I don't know the exact amount of LME I used -- I bought close to 3 lbs, but I used some for an experiment I did trying to make an unfermented malt drink. I'd estimate I used just under 2.5 lbs, which when using this calculator comes out about 1.080 (1G batch). I didn't use any grain or adjuncts.

So yeah. This brew was too off-the-cuff and not carefully measured to really analyze what went wrong at this point. After trying so hard to get fermentation going again and failing, I don't think it's going to happen with S04 alone which means no carbonation.

Also, I knew the "recipe" would be bland and/or boring, but I basically just wanted to get a feel for what pure LME would taste like. I guess it's sort of like doing a SMASH brew.
 
Check your hydrometer in plain water to make sure that it's reading correctly.

If you're using a refractometer, toss it aside for the FG reading and grab a hydrometer reading.

Depending on ingredients, say with a lot of dark grains and/or lactose, 1.030 may be as low as it will go so knowing the recipe is really important in trying to diagnose the problem.

I've calibrated my hydrometer before and it's accurate... But I just broke it last night! :(

My recipe was nothing but pure LME (amber I'm guessing), so there shouldn't be too many non-fermentables. I did boil it, which may have darkened it some though. Still, I would think the yeast would wake up to eat the sucrose and water I added, which leads me to believe this is an ABV issue.
 
I mentioned adding a wine yeast on another section of HBT and was swiftly reminded of how wine yeast are killer yeast that favor more simple sugars which are mostly depleted.

From what I understand If the wine yeast doesn't work you'll likely kill off your beer yeast and will be left with nothing to ferment out.

When you are adding enzymes be aware that the acceptable level of bacteria in some of those is beyond what some of us would prefer in our homebrew.

Good to know about bacteria in enzymes! Thanks. I wonder if this would apply to yeast nutrient, pectic enzymes, and other additives as well.

I suppose at this point as long as the wine yeast eats the sucrose and carbonates I'll be happy.

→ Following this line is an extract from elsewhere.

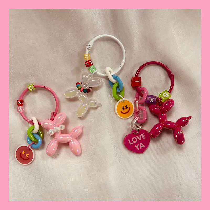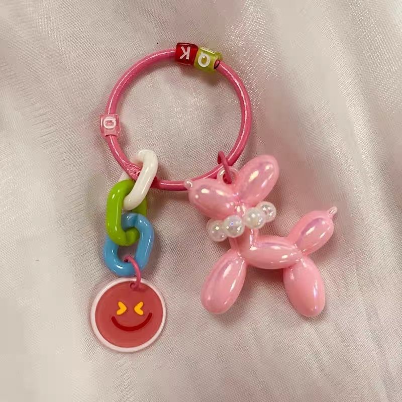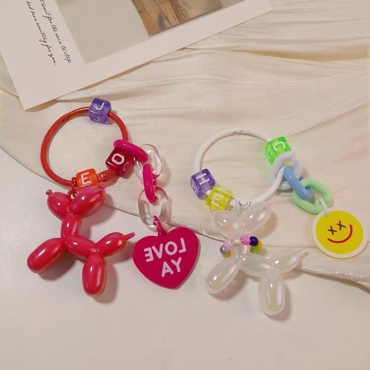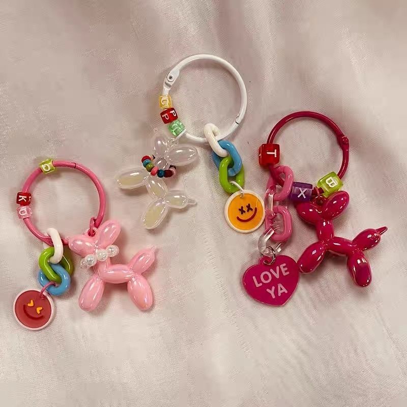 Xiaohongshu 인기 풍선 개 자동차 분실 방지 키 체인 가방 펜던트 사랑 액세서리 펜던트 도매 작은 선물스토어 가기
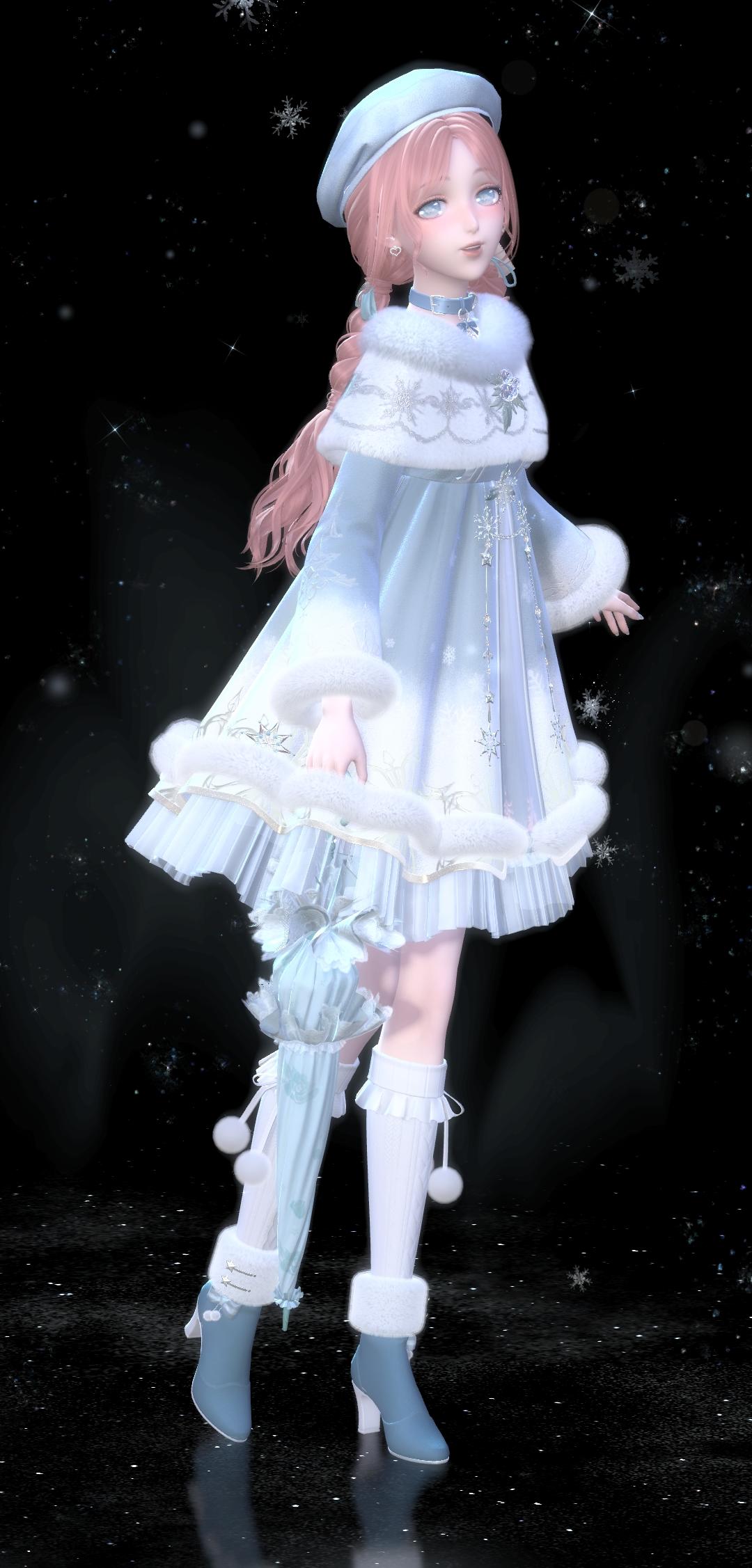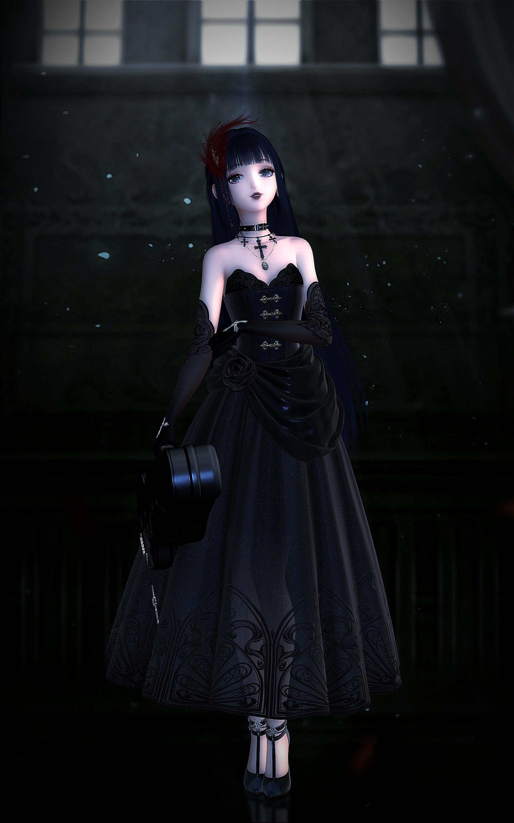 累充套很好看,但是外套和头发互相穿模。哥特风的黑裙看起来很有优雅的感觉,但是很僵硬,做动作极易穿模,还容易有变形的bug。狗叠今年偷懒了。

I ruined this batch a long time ago, but I still want to bottle it and try it at some point. I'm not sure if wine yeast will survive pitching now with the possible ABV level, but I'll give it a shot. I'll let it ferment out to whatever level they can get it to (assuming it works), then add a sucrose again at bottling.

Thanks everyone for the help and ideas!
 
Well it took several days but the Cote des Blancs did take and is happily bubbling away now. This is going to be one... er... interesting brew I think.

Edit: It's now June 6th and it's still bubbling...
 
Bubbling at this stage might be anything from pressure changes to some off gassing. Take a hydrometer reading.

It's a consistent but slow bubbling from the bottom. This kind of absurdly long fermentation is nothing unusual for this yeast I'm using (2nd or 3rd generation). I had a batch of ginger beer bubbling for 5 months before it finally stopped. In addition, I added quite a bit of amylase enzyme and some digestive enzyme pills to it a while back which may still be converting more complex sugars for the yeast.
 
It finally finished and I bottled today, almost exactly 6 months from start to finish. FG was 1.010, so the Cote des Blancs did work afterall. Taste was interesting. I'll have to wait until it's all carbed for a final verdict, but I think it turned out better than I expected.
 
Update: Tried it for the first time just now just over 4 months after bottling and just over 10 months after it was started.

As I take a sip I think of... beef broth. Mmm... Er. From what I've read, this is the flavor of autolysis. Marmite, vegemite, beef bouillon, umami, etc. I don't hate it, but it's not beer. Seems like it would make a darn good stock for stew.

As with my 5 or 6 other things I bottle carbed last year, there's barely any carbonation.

Ahh well. 4 of 4 failed beers in the last 6-7 years. Simple fruit wine/mead is a whole (whole!) lot easier.